I've thought about this for a completely different application. In this case, it's low-voltage FETs (sub 100V) switching hundreds of amps each. The topic of cooling has been considered, as better heatsinking allows for fewer devices- keep in mind this application would have used many modules and tens of thousands of these devices- each module supplying about 10 kA at about 50 volts for short pulses, with perhaps up to 100 modules running in parallel.
One idea involves soldering them directly to a liquid-cooled copper bar. In this case, because it would be pulsed, the liquid cooling would mostly be used to cool the bar down between pulses (very low duty cycle).
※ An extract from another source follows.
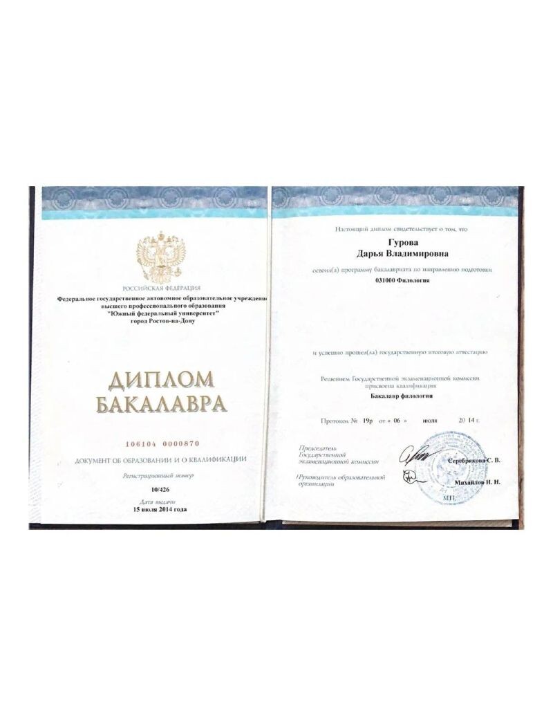 - ЮФУ, филология, квалификация — бакалавр филологии, 2010–2014 гг.

The bar would also double as the electrical connection, so obviously this won't work where the tab needs to be insulated.
In order to solder them, the heatsink bar would be uniformly heated to some temperature above the melting point of solder (leaded in this case). It would be tinned, then the many devices get applied all at once. The bar could then be cooled, hopefully before damage to the devices occurs. This would not be a trivial task, and it would require a lot of careful preparation and control over the process. It has never been tried, but could conceivably work. Smaller heatsinks would be easier to solder to.
The project above is unlikely to come to fruition at this point, but the cooling concept could still work.
My suggestion? Unless you have very good reason not to do so, just add some more devices. Minimizing thermal resistance is often a very tricky task. There are situations where it is necessary, but it's best to avoid needing to do so if possible.